Read an excerpt at The Guardian.

Awards

2019 Goodreads Choice Award Nominee for Graphic Novels & Comics
2019 National Book Critics Circle Award Nominee for Autobiography
2019 Reading Women Award Nominee for Nonfiction
2020 PEN Open Book Award Nominee for Longlist

Reviews

Starred review: “Particularly moving are the chapters in which Jacob explores how even those close to her retain closed-minded and culturally defined prejudices. With grace and honesty, the author chronicles how she navigated the racist assumptions of an employer and dealt with Indian relatives who viewed her as ‘a darkie’ with no marriage prospects as well as the devastating decision of her Jewish in-laws to vote for Donald Trump. … The memoir works well visually, with striking pen-and-ink drawings of Jacob and her family that are collaged onto vibrant found photographs and illustrated backgrounds. … Told with immense bravery and candor, this book will make readers hunger for more of Jacob’s wisdom and light.” (Source: Kirkus)

Starred review: “The ‘talks’ Jacob relates are painful, often hilarious, and sometimes absurd, but her memoir makes a fierce case for continuing to have them.” (Source: Publishers Weekly)

Starred review: “A powerful, multilayered exploration of racial identity development and complicated family dynamics. Timely and necessary.” (Source: School Library Journal, vol 65, issue 2, p. 122)

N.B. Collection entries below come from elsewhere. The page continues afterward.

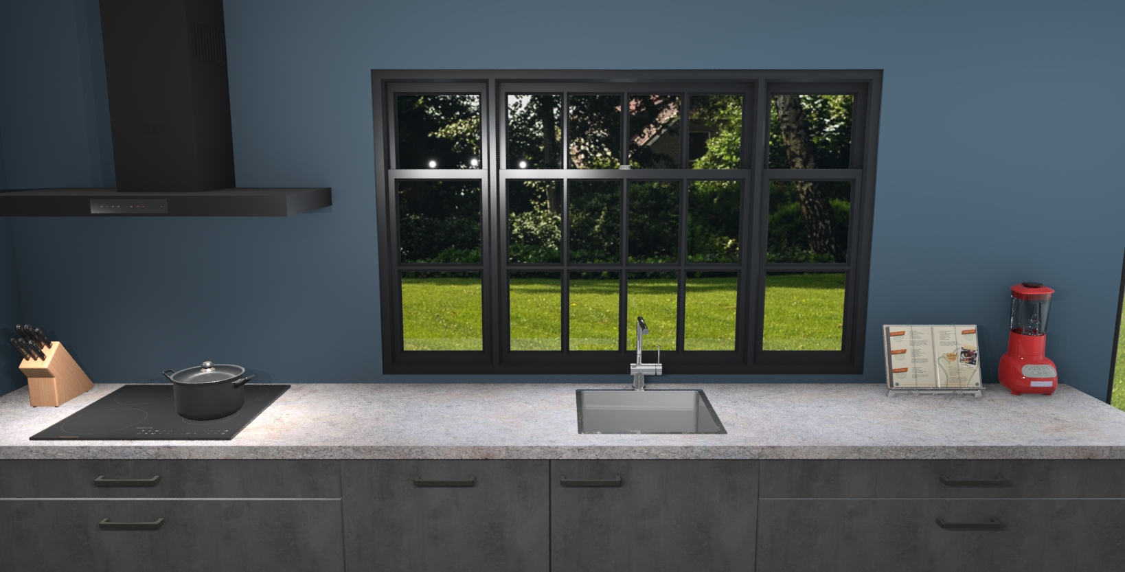 De softclose deuren openen en sluiten is ook heel eenvoudig - geniet van een moeiteloze keukenervaring, zelfs als er kinderen rondlopen. Voor extra gemak bij het plaatsen van uw bestelling bieden we ook een upgrade naar een kookplaat met geïntegreerde afzuiging.
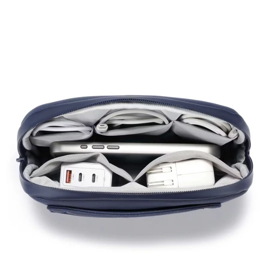 The Porodo Lifestyle Geneva Tech Accessory Pouch is a compact yet spacious 1L organizer designed to keep your daily tech essentials in order. Made from high-quality PU material, it is stylish, durable, and resistant to daily wear. Its water-resistant design provides extra protection, keeping your gadgets safe during light rain or spills. The built-in cable organizer ensures tidy storage for cables, chargers, power banks, and small accessories, making it easy to access everything you need. With its easy-carry handle, this pouch is perfect for travel, commuting, or simply staying organized at home. A smart and stylish must-have for tech lovers.
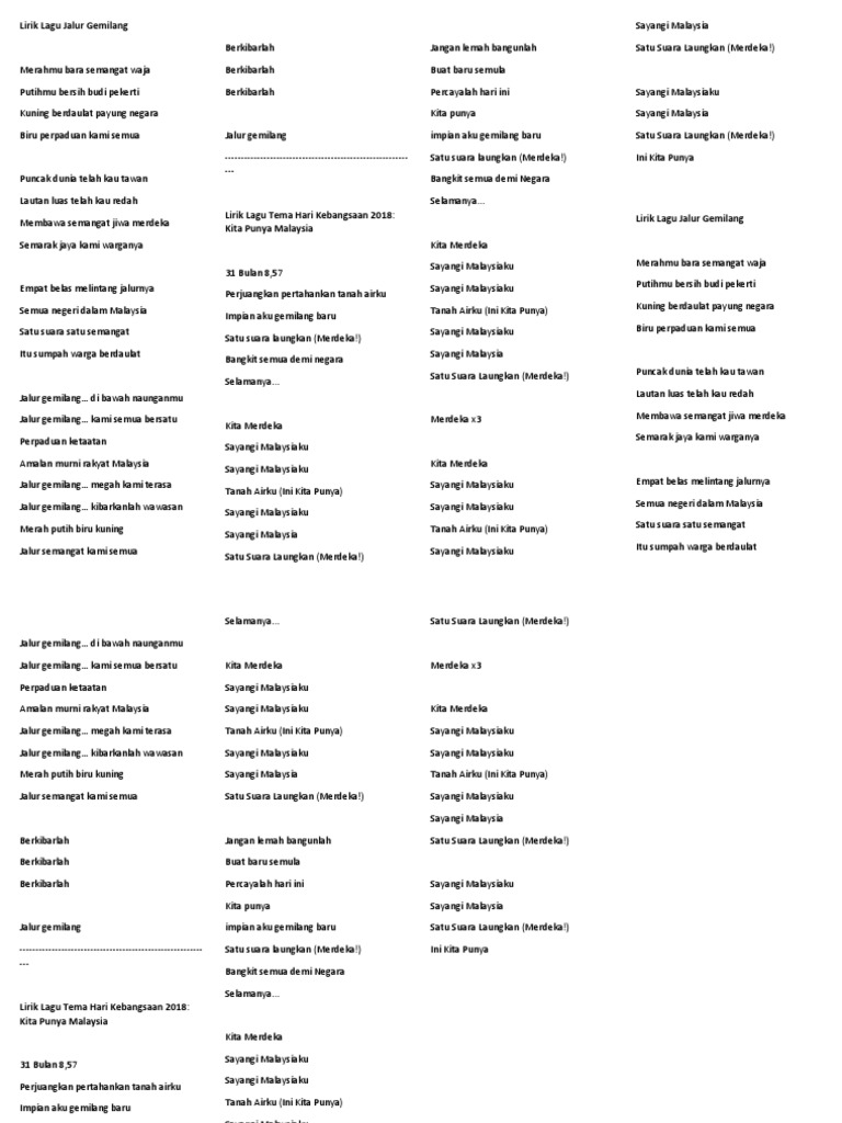 Lirik Lagu Ini Kita Punya Docx 31 Bulan 8 57 Perjuangkan Pertahankan Tanah Airku Impian Aku Gemilang Baru Satu Suara Laungkan Merdeka Bangkit Semua Course Hero
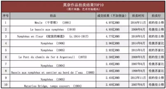 莫奈部分拍卖成交过亿元作品(数据来源:艺术市场通讯 2018年统计)
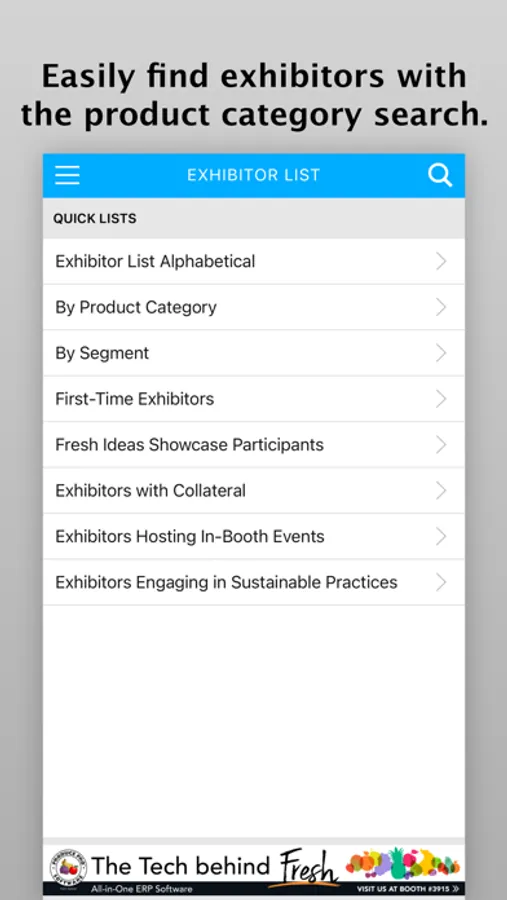 -Search the full exhibitor directory or filter by product categories or first-time exhibitors
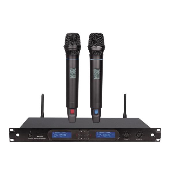 9008 wireless microphone system is a professional dual channel wireless microphone design for users who require professional performance . The system delivers perfect sound by using low interference UHF frequency band, and it is strong and reliable to meet various usages from small show to home use.
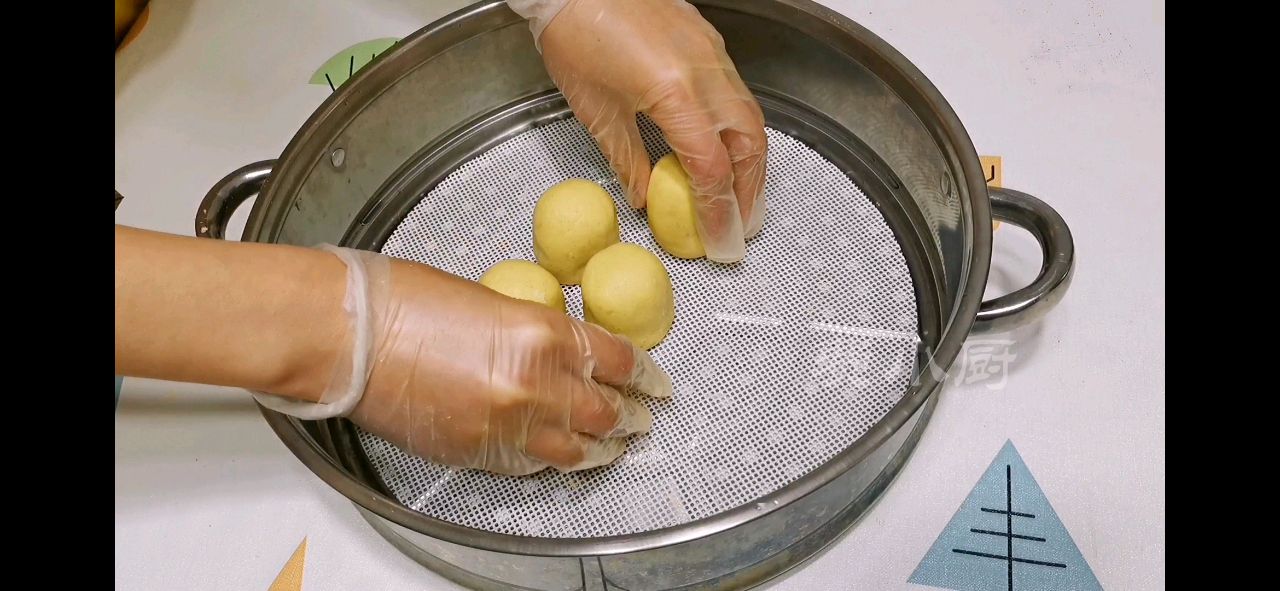 然后再把发酵好的面团,分成每个30克左右的小面团儿。

“In the opening chapter, Jacob sets up the memoir’s alternating flashbacks as an explanation to the questions her son prompts within her. How do you supply your child with answers you yourself have not searched your own soul to find in the dark? On one hand, in trying to make sense of the irrational—bigotry, colorism, and racism—to a 6-year-old, she is forced to communicate in simplistic terms. Her dialogue captures Z’s childlike understanding of race-as-color: In his eyes, Black and Indian people are both ‘brown,’ while Jewish and Caucasian people are both ‘white.’ Explaining skin color using Michael Jackson as a proxy is a gold mine of awkward humor.” (Source: Bitch Media)

“Throughout ‘Good Talk,’ Jacob reproduces the same black and white figures, like cutouts you can turn into finger puppets, often set against colorful photographs: a Chelsea street, her parents’ kitchen. Even her major characters have just a few avatars, with fixed poses and expressions. Jacob zooms in and out, juxtaposes, crops. The figures work well as delivery systems for her dialogue, at times generating a deadpan humor, like the clip-art ciphers in David Rees’s ‘Get Your War On’ (2002). On occasion, the photocopied feel dilutes the text, as in a fight between Mira and Jed over his parents’ full-throated support for Trump. Their faces, adequate in prior situations, appear oddly dazed and distracted.” (Source: The New York Times)

Interviews

The Atlantic: “Illustrating the Messy Reality of Life as an Interracial Family”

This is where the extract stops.